Bilder im Frankfurter Museum Städel: Demenzpatienten diskutieren über Kunst

© Schall / Goethe-Universität Frankfurt

FRANKFURT AM MAIN. Das Städel Museum und der Arbeitsbereich Altersmedizin der Goethe-Universität Frankfurt am Main haben ein medizinisches Pilotprojekt für Menschen mit Demenz gestartet.

ARTEMIS (ART Encounters: a Museum Intervention Study) ist die erste umfassende wissenschaftliche Studie zur interaktiven Kunstvermittlung und den therapeutischen Potenzialen von Kunsttherapie bei Demenz im deutschsprachigen Raum.

Regelmäßig ins Museum

In diesem Projekt wird untersucht, welchen Beitrag regelmäßige Museumsbesuche und die interaktive Beschäftigung mit Kunst leisten können, um das emotionale Wohlbefinden und das Kommunikationsverhalten von Menschen mit leichter bis mittelgradiger Demenz zu steigern und die Beziehung zu ihren betreuenden Angehörigen zu verbessern.

Zudem soll auf diese Weise Menschen mit Demenz und ihren durch die Pflege eingebundenen Angehörigen ein Stück gesellschaftliche Teilhabe und soziale Integration ermöglicht werden.

"Die Begegnung mit Kunst ist Teil unserer Kultur. Dass Menschen mit Demenz in vielerlei Hinsicht hiervon profitieren können, scheint erst einmal intuitiv richtig. Bislang steht der wissenschaftliche Nachweis allerdings noch aus. Dieser ist jedoch eine wichtige Voraussetzung für eine breite Anwendung und soll durch das ARTEMIS-Projekt erstmalig erbracht werden", so Professor Johannes Pantel, Leiter des Arbeitsbereichs Altersmedizin an der Goethe-Universität Frankfurt.

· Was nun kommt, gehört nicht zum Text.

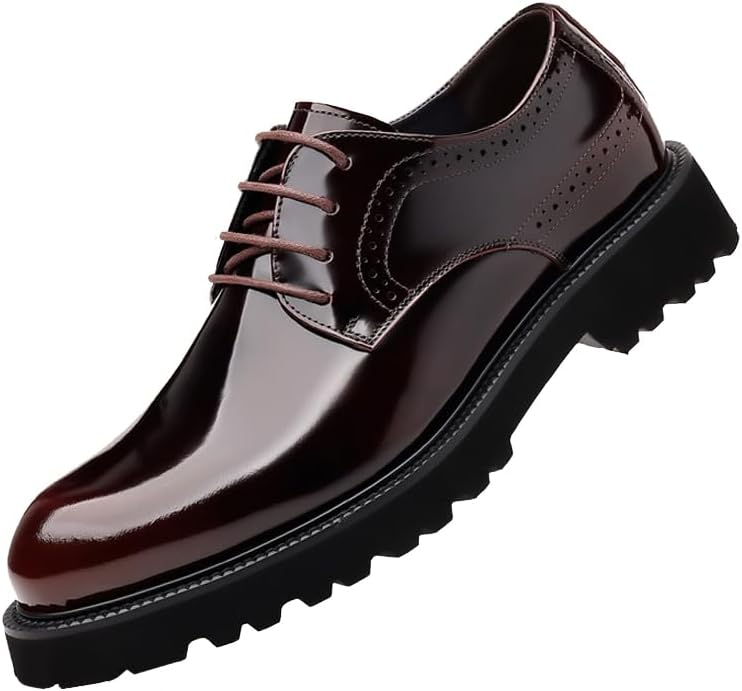 Men's Patent Leather Lace Up Platform Work Oxfords Round Toe Slip Resistant Low Top Lug Sole Brogues Dress Shoes Comfortable Business Formal Shoes

Gefördert wird das Projekt durch die Familie Schambach-Stiftung. Gerade auf dem Gebiet der Demenzforschung bestehe ein hoher Forschungsbedarf, sagte Hansjörg Werner, Vorstandsmitglied der Stiftung.

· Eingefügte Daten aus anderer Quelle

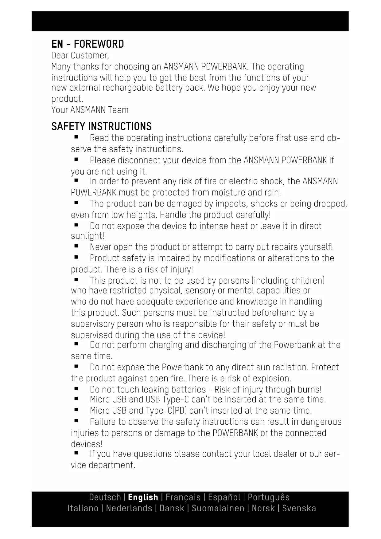 USER MANUAL Powerbank 20.0 ANSMANN

"Das Bedeutsame an diesem Projekt ist, dass nicht die Defizite der Menschen mit Demenz im Vordergrund stehen. ARTEMIS hat zum Ziel, durch Kunstbetrachtung die erhaltenen Fähigkeiten der Menschen mit Demenz zu wecken, zu fördern und Teilnehmer zu eigener Kreativität anzuregen", so Werner.

Das Projekt ist für die Dauer von zwei Jahren angelegt. Der Auftakt fand bereits im Oktober statt. Zwei Teilnehmergruppen, bestehend aus insgesamt sieben Demenzpatienten und je einem begleitenden Angehörigen, nehmen seitdem an etwa einstündigen thematischen Führungen durch speziell geschulte Kunstvermittler des Museums teil.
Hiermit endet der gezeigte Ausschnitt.